Yesterday was Papaw Ralph's funeral. It was a typical two-part ceremony — one part in the funeral home and one at the cemetery. Both parts were punctuated with religious words, and perhaps for some, those words provided a satiny smooth comfort. They really didn't do anything for me. However, I don't hold it against anyone who needs to hear those words, as long as they don't hold it against me for being an unrecoverable black sheep. There was, in fact, a surprisingly large flock of black sheep, eyes open and darting around during the prayers, searching out other secular folk and finding them.
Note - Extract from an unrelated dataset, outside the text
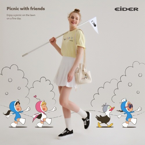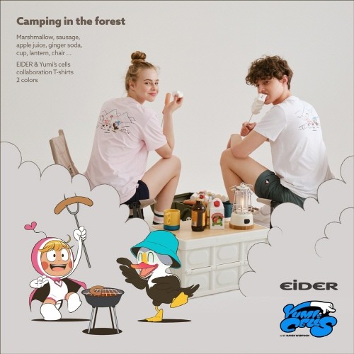 ‘유미의 세포들’은 평범한 직장인 유미의 머리 속 세포들을 통해 이야기를 펼쳐 나가는 신선한 내용으로 누적 조회수 32억뷰를 기록한 인기 웹툰이다. ‘아이더’의 본 고장인 ‘프랑스 안시’로 여행을 떠나는 ‘유미’와 ‘유미의 세포들’의 모습을 하나의 이야기로 그려 ‘아이더’ 제품에 반영했다. 여행 스토리를 담은 아기자기한 티셔츠부터 아이더의 캐릭터 ‘오리’와 함께 프랑스 안시에서 캠핑을 즐기는 ‘사랑 세포’가 그려진 버킷백 등 제품 곳곳에 숨은 ‘유미’와 ‘유미의 세포들’을 보는 재미가 있다.

Papaw was a World War II vet and he earned the Bronze Star. I have seen, separately, the three-volley salute, roll call, flag presentation, and Taps at funerals — but yesterday was the first time I've ever seen them all together. It was an impressive display and a moving tribute. I think the part that touched me the most was seeing this giant soldier probably half my age and twice my size kneel down in front of Nanny, wheelchair-bound and sobbing, and present her with the American flag from Papaw's casket folded up into a triangle. I don't think there was a dry eye in the place.
November is over, and a period of heavy rain has moved in. When it leaves, the temperature is going to drop. We're in the yo-yo of late fall when it flips from sixty degrees to thirty degrees in a twenty-four hour period. Yesterday was beautiful, but windy and cool in Beckley, even more so at the cemetery.
I made my quota for NaNoWriMo. The storyline is nowhere near done, but I'm going to take a break from it for awhile. Maybe in a week I'll look it over and get things in the order they're supposed to be in, then maybe in a month or so I'll drag it out and start smoothing things over some, filling in the weak parts and reworking what needs to be reworked. It's nowhere near being called a "novel" at this point, but it's a hell of a lot closer than I've ever gotten before... and I think it's a pretty good story. (Though I'll fully admit being biased.)
About eight months ago I took a chance on a temporary job in the hopes it would become a reliable full-time position. As of last week, it has — and it has for my office mate as well, who it turns out is a pretty cool fellow. I've felt an uncertainty over the last few months, because I knew the hours for the temporary position were running out and something needed to happen soon. Thankfully that uncertainty has now ended. I want it documented, for my future reference, that I took a leap of faith and it paid off.
Overall, though, I'm glad this month is over — goodbye November, begone with ye!